Type out the complete listing below word for word, without its pictures.

## GIVEN INFORMATION
_ _ _ _
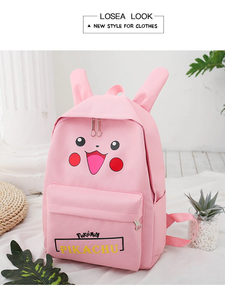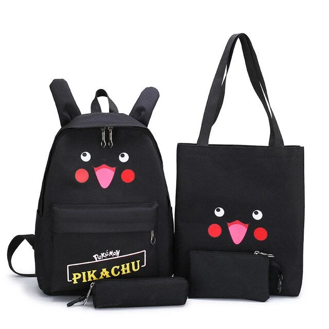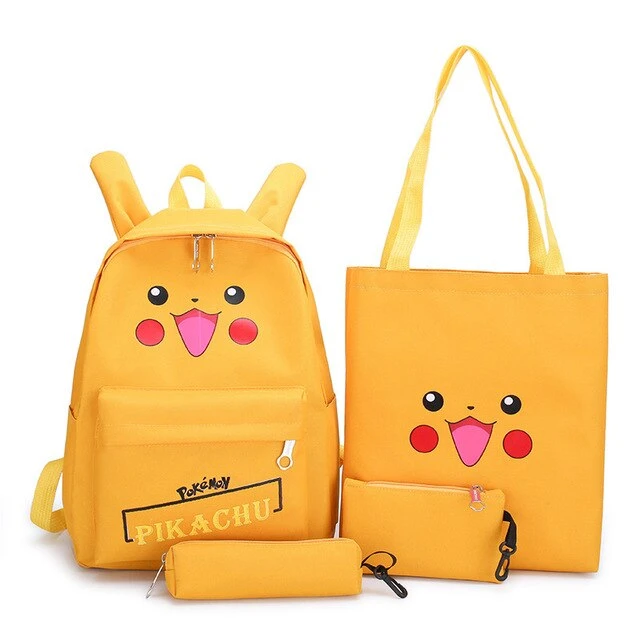 Stylishes Rucksack Set im Pikachu Look. Verfügbar in Pink, Schwarz oder Gelb. Enthalten ist 1x Rucksack, 1x Tasche, 1x Federmappe und 1x kleine Tasche.
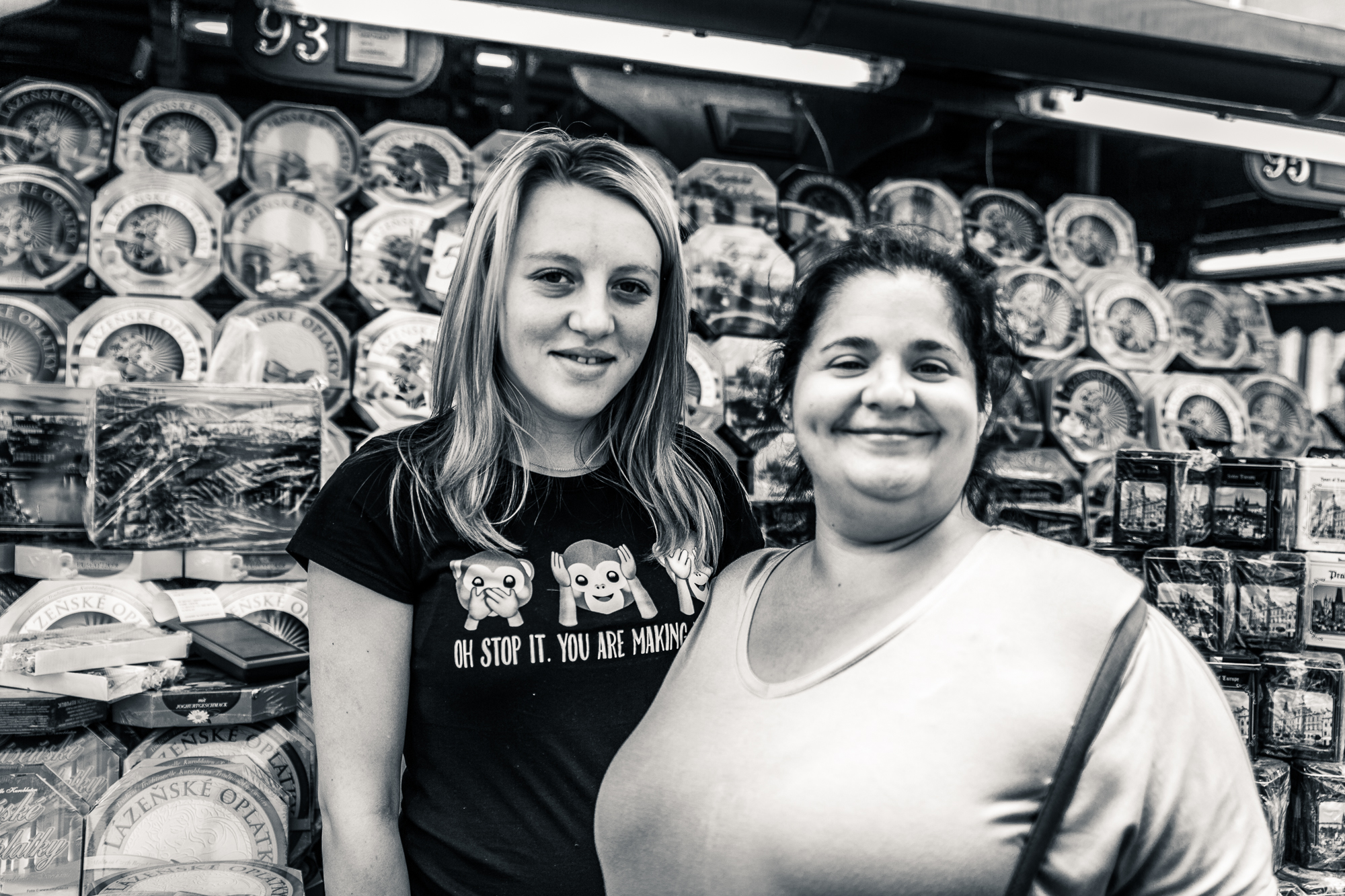 Sonrisas opuestas, es el fruto de un retrato de dos personas que posan para una foto sin conocerse de nada, ninguna de las dos ha cruzado ni una sola palabra entendible con la otra, no conocen ni sus nombres. La compradora de unos souvenirs pide una foto con la vendedora del tenderete en el mercadillo. Una orgullosa de conseguir la foto de recuerdo de su viaje y la otra complaciente con una sonrisa forzada por haber conseguido vender unas cuantas cosillas para rematar el día.
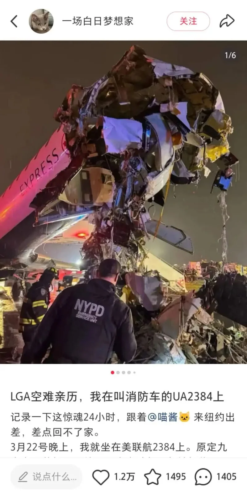 加航AC8646航班在纽约拉瓜迪亚机场与消防车相撞的惨剧今天又有新信息爆出,美联航的一个航班竟成导火索。
_ _ _ _
## REPLY
 Stylishes Rucksack Set im Pikachu Look. Verfügbar in Pink, Schwarz oder Gelb. Enthalten ist 1x Rucksack, 1x Tasche, 1x Federmappe und 1x kleine Tasche.
 Sonrisas opuestas, es el fruto de un retrato de dos personas que posan para una foto sin conocerse de nada, ninguna de las dos ha cruzado ni una sola palabra entendible con la otra, no conocen ni sus nombres. La compradora de unos souvenirs pide una foto con la vendedora del tenderete en el mercadillo. Una orgullosa de conseguir la foto de recuerdo de su viaje y la otra complaciente con una sonrisa forzada por haber conseguido vender unas cuantas cosillas para rematar el día.
 加航AC8646航班在纽约拉瓜迪亚机场与消防车相撞的惨剧今天又有新信息爆出,美联航的一个航班竟成导火索。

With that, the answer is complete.